No existen los placeres automáticos ni tampoco los garantizados. El placer supone cierta lucha y cierta adversidad para conseguirlo.Todo lo contrario a lo que sucede con la inteligencia artificial, que, como muy bien anotaba el lúcido columnista del New York Times Ezra Klein, es una tecnología de la no fricción. Una especie de servidumbre que cumple deseos sin oponerse a las instrucciones que propone el amo y señor. Palabras más, palabras menos, la inteligencia artificial gira en torno a la idea misma de la pornografía: complacer sin reparos. Todo lo cual es antípoda, como dije, de la naturaleza del placer. Lo mismo sucede con los libros, la lectura y el placer que se deriva de esta. Hoy en día, cualquier persona con acceso a internet puede pedir un resumen, una presentación o un listado de los principales argumentos de cualquier libro que esté disponible en línea. Dirá alguno entonces que ya no es necesario leerlos completos y que bastaría con pedirle a la máquina un par de párrafos para saber de qué se trata cualquier historia. Dicha mirada desconocería que, en la lectura de un libro, emergen una serie de elementos que hacen que la experiencia vaya más allá —mucho más allá— de saber el final o la conclusión del mismo.

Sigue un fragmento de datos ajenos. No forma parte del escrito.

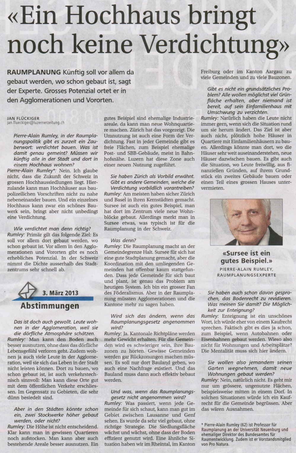 "Ein Hochhaus bringt noch keine Verdichtung", Neue Luzerner Zeitung, 11. Februar 2013, S. 5.
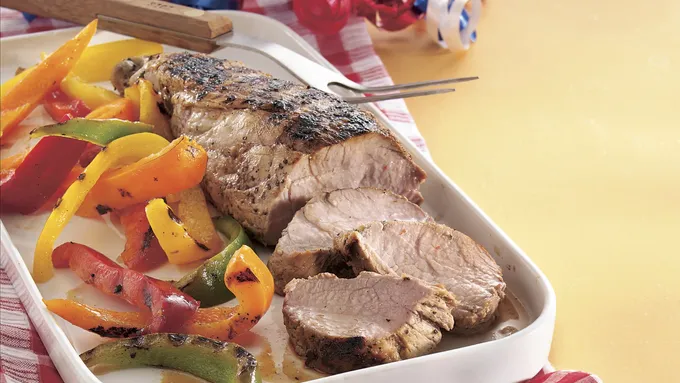 Step1Cut each pork tenderloin in half lengthwise, cutting to but not through bottom; open and flatten. Place tenderloins in large resealable food-storage plastic bag or shallow nonmetal dish.
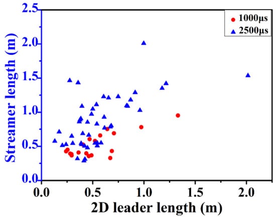 In Figure 2 and Figure 3, a typical streak of restrike images of positive leader propagation in a rod–plane configuration is presented. Here, the leader tip and the streamer zone are depicted. The corona region ahead of the leader tip is called the streamer zone. In [], Gallimberti proposed the mechanism related to streamer to leader transition and showed that air in the streamer (stem) is heated because of the injected electrons formed in the streamer zone. Furthermore, injected electrons depend on the streamer zone length, as well as the electric field (ambient). The discharge propagation sustained by the streamer-leader transition remains until the first streamer of the leader corona reaches the plane. The final jump length is considered to be the maximum streamer length during the continuous leader propagation phase. These experimental results show that the average streamer length is 0.518 m, and 0.878 m under a long front impulse (1000 µs and 2500 µs). This implies that the greater average streamer length is achieved, and the proposed method has higher 2D leader length of 2500 µs, compared to 1000 µs, as illustrated in Figure 8. Furthermore, the average final jump length is 2.27 m under switching impulse conditions, while the average final jump length of long front impulse is 1.81 m and 1.75 m. However, the average final jump length under standard impulse is greater than that under long front impulse voltage. The reason is that the streamer zone length is larger, so the injected electrons are higher in number during the final jump stage as compared to other cases.
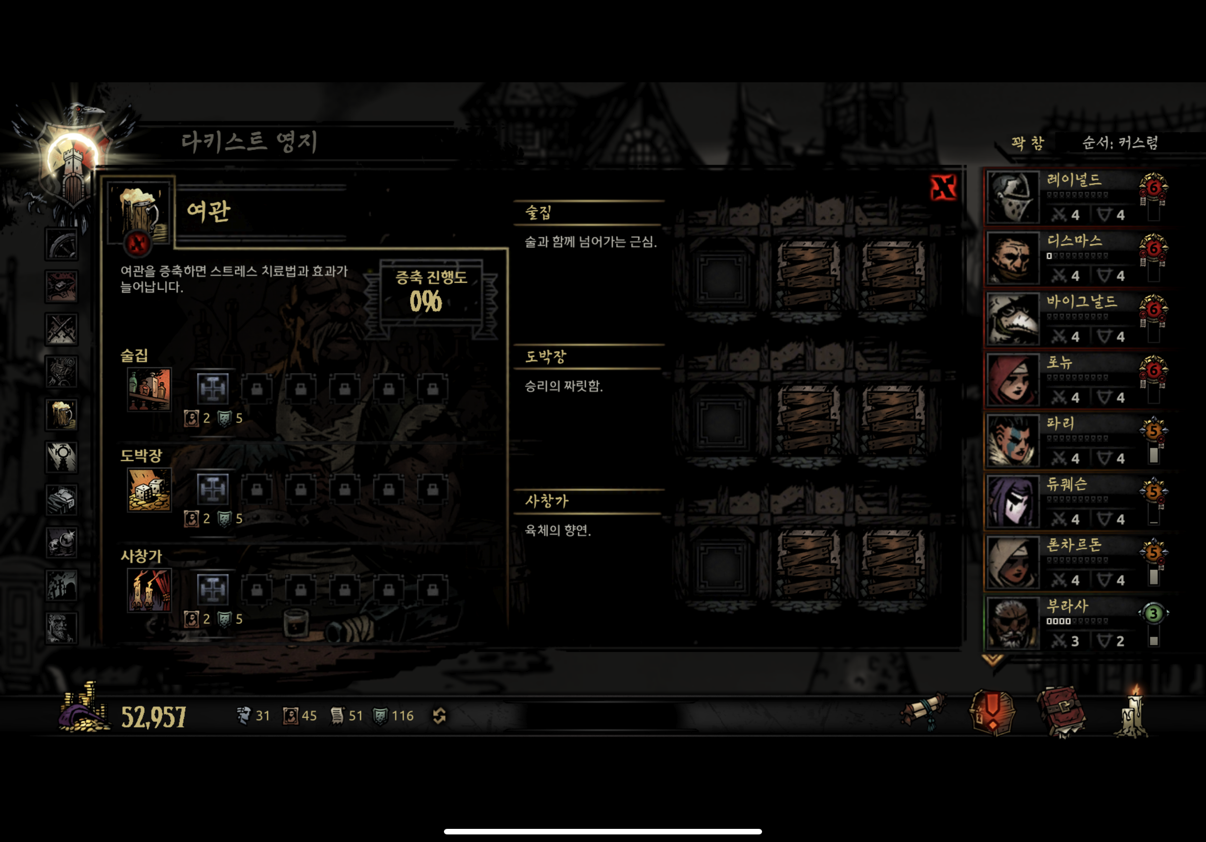 그리고 증축된 건물들은 더 향상된 복지(좋은 무기, 스트레스 해소 효과 증가 등)를 제공하여 영웅들이 더 깊은 던전으로 들어가 죽음을 앞당겨주는 역할을 하게 됩니다.
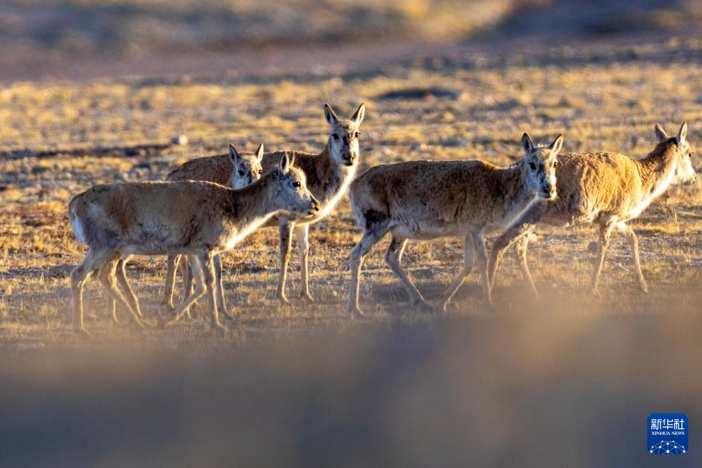 在羌塘國(guó)家級(jí)自然保護(hù)區(qū)核心區(qū)拍攝到的雄性和亞成體雌性藏羚羊(6月9日攝)。新華社記者 旦增尼瑪曲珠 攝 ??
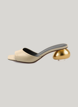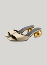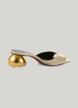 — Gold-toned sculptural heel
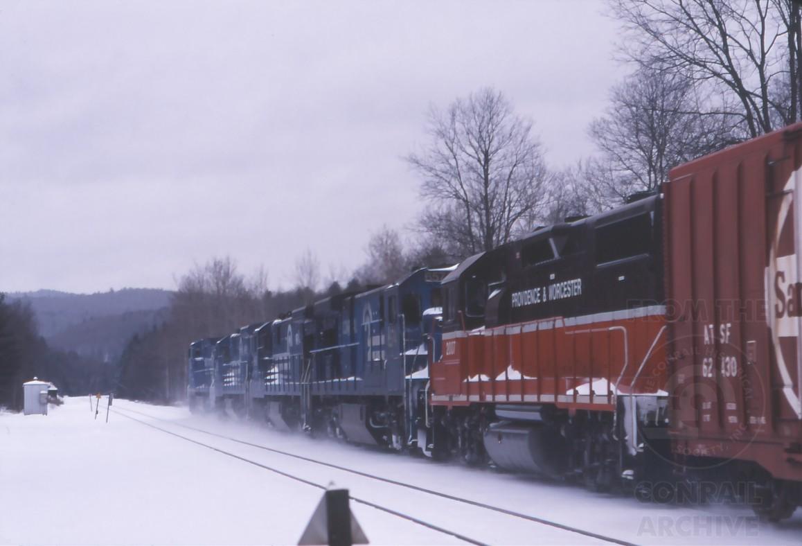P&W 2007 in SEFR at Ballou's on Jan. 4, 1994. The P&W would occasionally send a unit out to Amtrak's Rensallear shop for installation of ACSES, but those units usually went in an Amtrak light engine move, so not sure why this unit is in a Conrail train.
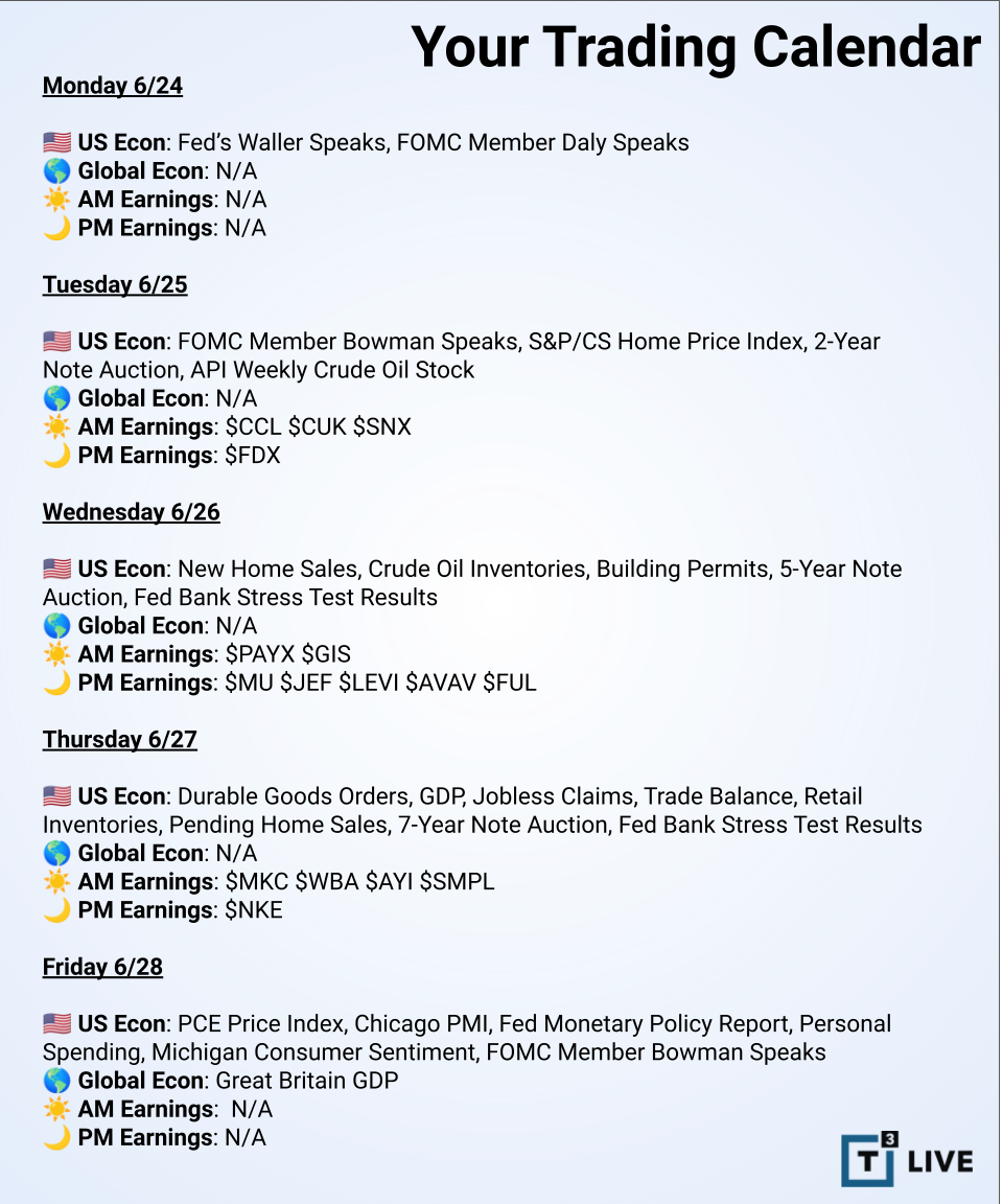 We have mixed markets around the world as we head into the last week of the second quarter. Europe is green while Asia is off small. Last Thursday, I warned that the semiconductors were overheated, and that proved a great spot to sell some winners. Some sophisticated traders made money shorting SMH, NVDA, AVGO, etc. as well as buying SOXS. It feels like we have a tactical top in that sector as we see if money rotates into the rebalance from last week.
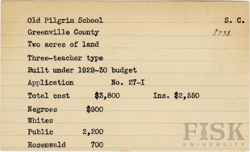 - School card from Rosenwald Fund for Old Pilgrim School in Greenville County, South Carolina with a section added to the budget contributions that says, "Ins. $2,550"
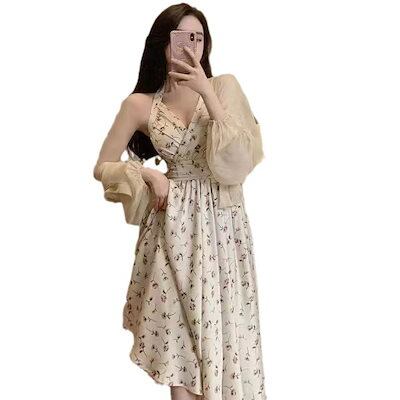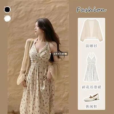 キャミワンピース パーティードレス 気質ウエストスリムネッククラッシュフラワードレス女性夏薄い日焼け止めシフォンカーディガン2ピーススーツをぶら下げ 韓国ファッション
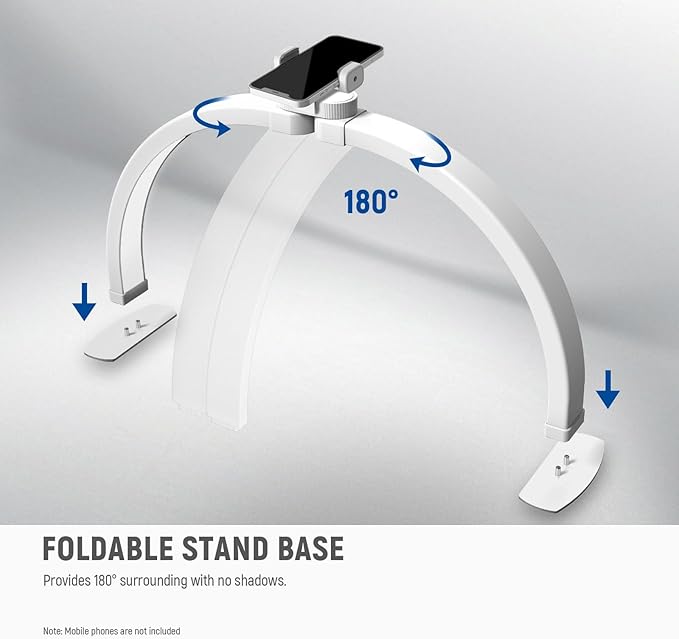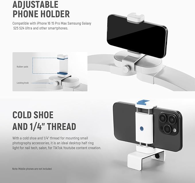 - 【Adjustable Phone Holder】 The cell phone mount of the portable LED half circle desk ring light is compatible with iPhone 16 15 Pro Max Samsung Galaxy S25 S24 Ultra, etc. Easily attached via a locking knob, it is rotatable and adjusts along the lamp edge for versatile shooting angles. With cold shoe & 1/4" thread for small photography videography accessories, ideal as desktop half ringlight lighting for nail tech selfies, pictures, video recording, filming for YouTube TikTok social media sharing
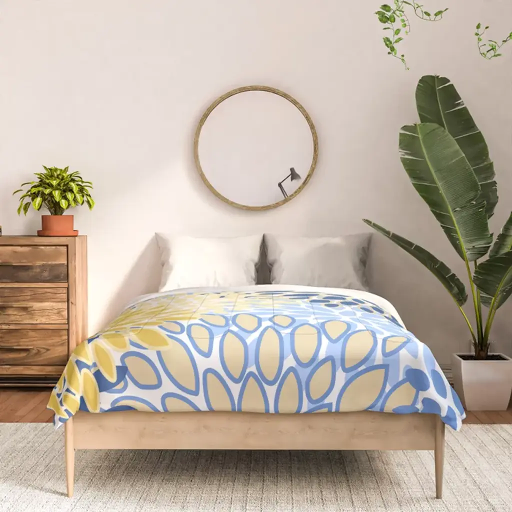 Modern, Floral Prints, Summer, Yellow And Blue Comforter
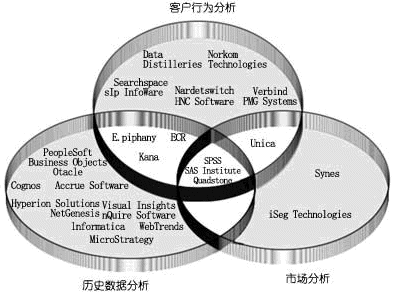 這一市場(chǎng)的供應(yīng)商目前主要分為兩大陣營:一類著眼于客戶行為傾向分析;另一類著眼于對(duì)客戶價(jià)值進(jìn)行評(píng)估。前者主要注重了解客戶的喜好,而后者則著重關(guān)注客戶對(duì)企業(yè)的潛在收益。
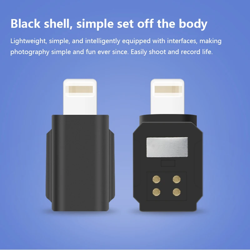 Характеристика:1. Предоставляем 4 вида разъемов на мобильный телефон, подходящих для Apple, Android standard, Android reverse и type-c,2. Черный корпус, простая машина для подкладки, светильник, простой, интеллектуальный интерфейс, легко снимать и записывать жизнь,3. Функция расширения интерфейса, подключение к большинству мобильных телефонов, откройте больше способов воспроизведения,4. Корпус изготовлен из АБС-пластика, который обладает ударопрочностью, термостойкостью и низкой термостойкостью и может защитить внутреннюю цепь.Описание:Материал: пластик, алюминиевый сплавПодходящие модели: для кармана 2Цвет: черныйВес нетто: 1,6 г (одинарный), 4,2 г (4 шт.)Размер продукта: 2,5*1,3*0,5 см (однометный)Упаковочный лист: адаптер * 1Примечание: Не включает камеры PTZ, мобильные телефоны и другие аксессуары.
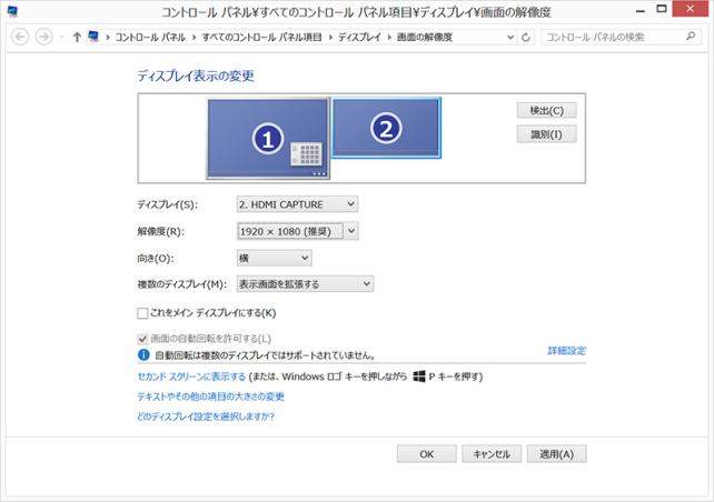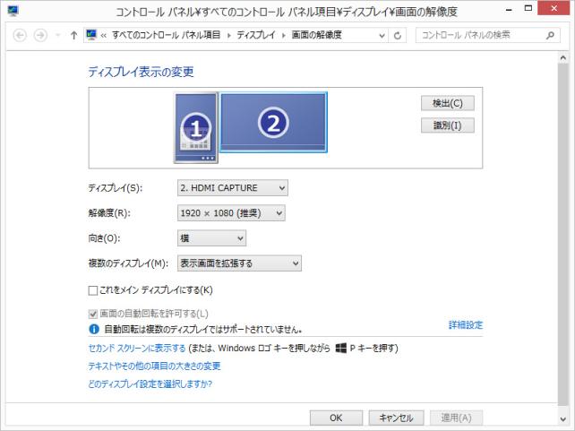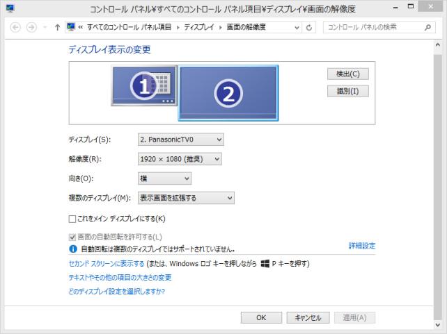 ディスプレイを拡張表示すると、セカンダリーのディスプレイは、1080pになります。
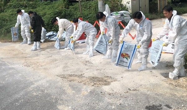 또 공동방제단 차량을 동원해 축사 주변에 소독약을 뿌리고 농가 차량 진출입로에 생석회 가루를 살포하는 등 방역에 총력을 다하고 있다.

La sola quietud y el gesto de ir pasando una página tras otra ya suponen en sí mismos una experiencia avasalladora y exquisita para muchos. Para otros, no se trata del final o del desenlace, sino más bien de ir encontrando detalles precisos y en apariencia irrelevantes que se quedan para siempre. El placer de leer no es devorar el libro, como hace la máquina y uno que otro lector codicioso. El placer lo es todo: lo tangible y lo intangible, la atención en un mundo lleno de ruido. El placer de verse reflejado en otra experiencia ficticia que acongoja o ilusiona. Imaginarse sumergido en una realidad imposible por el tiempo, la distancia o la condición. Ser otro en otros.


Es probable que, como decía un personaje de una película española que vi siendo adolescente: el mejor placer es dar placer. Por ahora, la máquina es incapaz de darnos placer, tal vez por su incapacidad de comprender la integridad del concepto o quizás por su minusvalía a la hora de sentirlo y vivirlo. La máquina tiene sangre fría.